Output 22.1.1: Censored Model with One Node and Two Threads: Performance Table
Output 22.1.2 shows the estimation results for the censored model. The "Model Fit Summary" table shows detailed information about the model and indicates that all 5 million observations were used to fit the model. All parameter estimates in the "Parameter Estimates" table are highly significant and correspond to their theoretical values that were set during the data generating process. The optimization of the model with 5 million observations took 45.4 seconds.
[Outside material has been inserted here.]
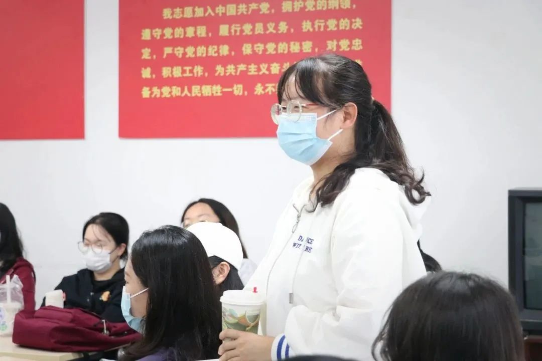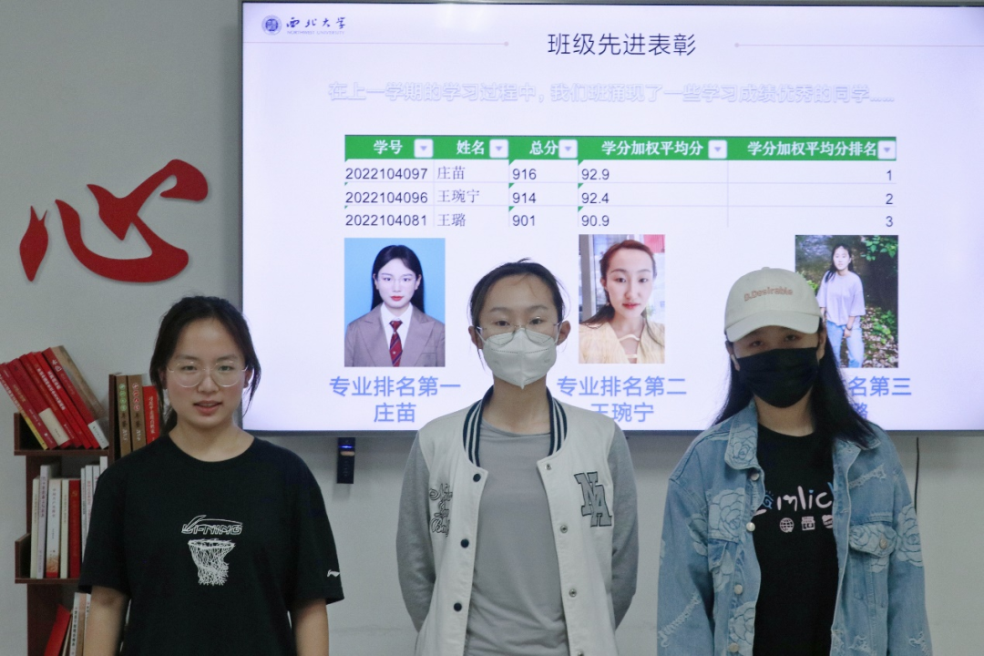 接下来,进行班级先进表彰环节,对在上一学期分别取得专业第一、第二、第三名的庄苗、王琬宁、王璐三位同学进行表彰,鼓励班级其他同学向身边优秀榜样学习,积极交流学习经验。而后,专业排名第一的庄苗同学向大家分享了学习感悟。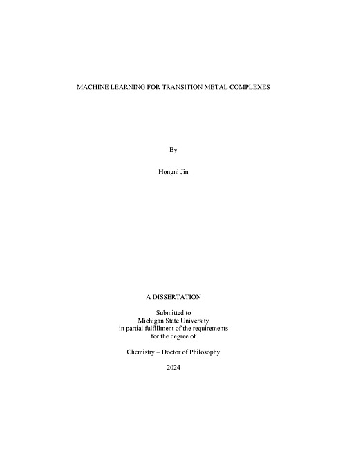 MACHINE LEARNING FOR TRANSITION METAL COMPLEXES

Output 22.1.2: Censored Model with One Node and Two Threads: Summary
Parameter Estimates | |||||
---|---|---|---|---|---|
Parameter | DF | Estimate | Standard Error |
t Value | Approx Pr > |t| |
Intercept | 1 | 2.220379 | 0.222201 | 9.99 | <.0001 |
x1 | 1 | 3.055533 | 0.201620 | 15.15 | <.0001 |
x2 | 1 | 4.000176 | 0.201570 | 19.85 | <.0001 |
x3 | 1 | 1.852740 | 0.201555 | 9.19 | <.0001 |
x4 | 1 | 4.170266 | 0.201533 | 20.69 | <.0001 |
x5 | 1 | -3.010679 | 0.201458 | -14.94 | <.0001 |
x6 | 1 | -5.176016 | 0.201541 | -25.68 | <.0001 |
x7 | 1 | -2.695948 | 0.201671 | -13.37 | <.0001 |
_Sigma | 1 | 399.997845 | 0.261930 | 1527.12 | <.0001 |
In the following statements, the PERFORMANCE statement is modified to use a grid with 10 nodes, with each node capable of spawning eight threads:
proc hpqlim data=simulate ; performance nthreads=8 nodes=10 details host="&GRIDHOST" install="&GRIDINSTALLLOC"; model y=x1-x7 /censored(lb=0 ub=400); run;
The second model which was run on a grid with 10 nodes and eight threads each (Output 22.1.3) took only 1.4 seconds instead of 45.4 seconds to optimize.
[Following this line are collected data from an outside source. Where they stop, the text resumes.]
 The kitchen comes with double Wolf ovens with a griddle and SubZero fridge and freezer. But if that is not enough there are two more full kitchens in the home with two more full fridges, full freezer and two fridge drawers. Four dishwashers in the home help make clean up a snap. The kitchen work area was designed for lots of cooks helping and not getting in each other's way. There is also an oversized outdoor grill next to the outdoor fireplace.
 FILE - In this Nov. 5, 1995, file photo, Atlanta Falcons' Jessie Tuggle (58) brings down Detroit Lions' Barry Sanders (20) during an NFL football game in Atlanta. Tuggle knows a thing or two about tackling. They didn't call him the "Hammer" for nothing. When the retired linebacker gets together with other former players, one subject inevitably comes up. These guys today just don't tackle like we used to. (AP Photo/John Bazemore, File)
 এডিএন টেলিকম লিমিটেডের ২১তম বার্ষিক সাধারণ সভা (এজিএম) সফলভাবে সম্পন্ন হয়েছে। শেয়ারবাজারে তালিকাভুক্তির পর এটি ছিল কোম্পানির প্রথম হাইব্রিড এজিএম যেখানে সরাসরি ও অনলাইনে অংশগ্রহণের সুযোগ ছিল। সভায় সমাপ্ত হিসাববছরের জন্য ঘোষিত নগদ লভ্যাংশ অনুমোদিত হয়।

Output 22.1.3: Censored Model on Ten Nodes with Eight Threads Each: Performance Table
Because the two models being estimated are identical, it is reasonable to expect that Output 22.1.2 and Output 22.1.4 would show the same results except for the performance. However, in certain circumstances, you might observe slight numerical differences in the results (depending on the number of nodes and threads) because the order in which partial results are accumulated, the limits of numerical precision, and the propagation of error in numerical computations can make a difference in the final result.
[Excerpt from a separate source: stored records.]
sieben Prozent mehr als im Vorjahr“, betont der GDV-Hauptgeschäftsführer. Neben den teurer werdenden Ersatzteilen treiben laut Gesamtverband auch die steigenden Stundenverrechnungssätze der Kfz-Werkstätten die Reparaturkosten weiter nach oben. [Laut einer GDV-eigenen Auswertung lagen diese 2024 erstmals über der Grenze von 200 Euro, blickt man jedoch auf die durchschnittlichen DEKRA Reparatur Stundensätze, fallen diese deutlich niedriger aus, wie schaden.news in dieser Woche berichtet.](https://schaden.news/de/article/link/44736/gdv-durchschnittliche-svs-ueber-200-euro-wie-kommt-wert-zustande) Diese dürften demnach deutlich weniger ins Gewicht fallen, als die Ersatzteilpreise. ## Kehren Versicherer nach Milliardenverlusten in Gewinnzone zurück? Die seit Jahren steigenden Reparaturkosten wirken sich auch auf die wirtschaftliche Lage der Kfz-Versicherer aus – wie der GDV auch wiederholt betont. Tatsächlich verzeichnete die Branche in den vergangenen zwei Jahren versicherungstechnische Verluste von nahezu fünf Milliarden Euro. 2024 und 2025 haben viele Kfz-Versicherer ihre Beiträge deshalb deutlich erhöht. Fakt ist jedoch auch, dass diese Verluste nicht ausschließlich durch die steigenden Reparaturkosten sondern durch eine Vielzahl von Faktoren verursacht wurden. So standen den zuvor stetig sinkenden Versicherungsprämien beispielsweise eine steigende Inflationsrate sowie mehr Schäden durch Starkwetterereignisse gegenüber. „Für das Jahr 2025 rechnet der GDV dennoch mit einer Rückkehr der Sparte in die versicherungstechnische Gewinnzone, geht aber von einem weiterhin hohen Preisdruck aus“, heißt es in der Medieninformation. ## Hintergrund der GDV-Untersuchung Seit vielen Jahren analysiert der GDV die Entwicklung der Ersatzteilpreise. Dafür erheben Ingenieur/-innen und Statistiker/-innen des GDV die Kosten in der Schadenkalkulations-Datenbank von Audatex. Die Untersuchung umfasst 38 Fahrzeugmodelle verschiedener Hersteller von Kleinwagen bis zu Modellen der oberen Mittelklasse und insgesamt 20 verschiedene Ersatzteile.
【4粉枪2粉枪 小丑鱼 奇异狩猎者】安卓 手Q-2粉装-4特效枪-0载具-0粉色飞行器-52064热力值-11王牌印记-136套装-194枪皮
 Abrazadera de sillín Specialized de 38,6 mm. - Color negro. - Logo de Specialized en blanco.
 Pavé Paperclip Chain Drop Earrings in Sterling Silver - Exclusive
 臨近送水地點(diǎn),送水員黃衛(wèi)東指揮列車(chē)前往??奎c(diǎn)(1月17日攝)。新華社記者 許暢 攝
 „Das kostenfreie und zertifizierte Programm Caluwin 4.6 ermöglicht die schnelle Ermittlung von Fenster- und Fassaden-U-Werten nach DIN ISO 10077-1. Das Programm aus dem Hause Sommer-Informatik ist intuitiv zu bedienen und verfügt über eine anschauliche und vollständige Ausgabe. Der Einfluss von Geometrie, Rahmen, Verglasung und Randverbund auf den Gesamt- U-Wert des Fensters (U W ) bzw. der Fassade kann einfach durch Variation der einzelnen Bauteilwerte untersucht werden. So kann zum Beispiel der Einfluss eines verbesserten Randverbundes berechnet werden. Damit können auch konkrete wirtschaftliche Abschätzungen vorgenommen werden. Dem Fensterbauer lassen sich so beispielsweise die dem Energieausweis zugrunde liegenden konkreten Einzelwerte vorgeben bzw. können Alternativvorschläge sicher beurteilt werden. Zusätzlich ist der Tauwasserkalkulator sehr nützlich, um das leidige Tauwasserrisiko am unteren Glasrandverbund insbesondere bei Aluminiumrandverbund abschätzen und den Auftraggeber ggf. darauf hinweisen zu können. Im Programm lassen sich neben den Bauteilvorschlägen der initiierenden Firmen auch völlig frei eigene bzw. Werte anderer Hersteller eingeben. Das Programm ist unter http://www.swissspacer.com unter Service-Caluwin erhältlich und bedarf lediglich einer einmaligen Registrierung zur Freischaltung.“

Output 22.1.4: Censored Model on Ten Nodes with Eight Threads Each: Summary
Parameter Estimates | |||||
---|---|---|---|---|---|
Parameter | DF | Estimate | Standard Error |
t Value | Approx Pr > |t| |
Intercept | 1 | 2.220358 | 0.222201 | 9.99 | <.0001 |
x1 | 1 | 3.055491 | 0.201620 | 15.15 | <.0001 |
x2 | 1 | 4.000196 | 0.201570 | 19.85 | <.0001 |
x3 | 1 | 1.852735 | 0.201555 | 9.19 | <.0001 |
x4 | 1 | 4.170323 | 0.201533 | 20.69 | <.0001 |
x5 | 1 | -3.010670 | 0.201458 | -14.94 | <.0001 |
x6 | 1 | -5.176019 | 0.201541 | -25.68 | <.0001 |
x7 | 1 | -2.695886 | 0.201671 | -13.37 | <.0001 |
_Sigma | 1 | 399.997846 | 0.261930 | 1527.12 | <.0001 |
As this example suggests, increasing the number of nodes and the number of threads per node improves performance significantly. When you use the parallelism that a high-performance distributed environment affords, you can see an even more dramatic reduction in the time required for the optimization as the number of observations in the data set increases. When the data set is extremely large, the computations might not even be possible with the typical memory resources and computational constraints of a desktop computer. Under such circumstances the high-performance distributed environment becomes a necessity.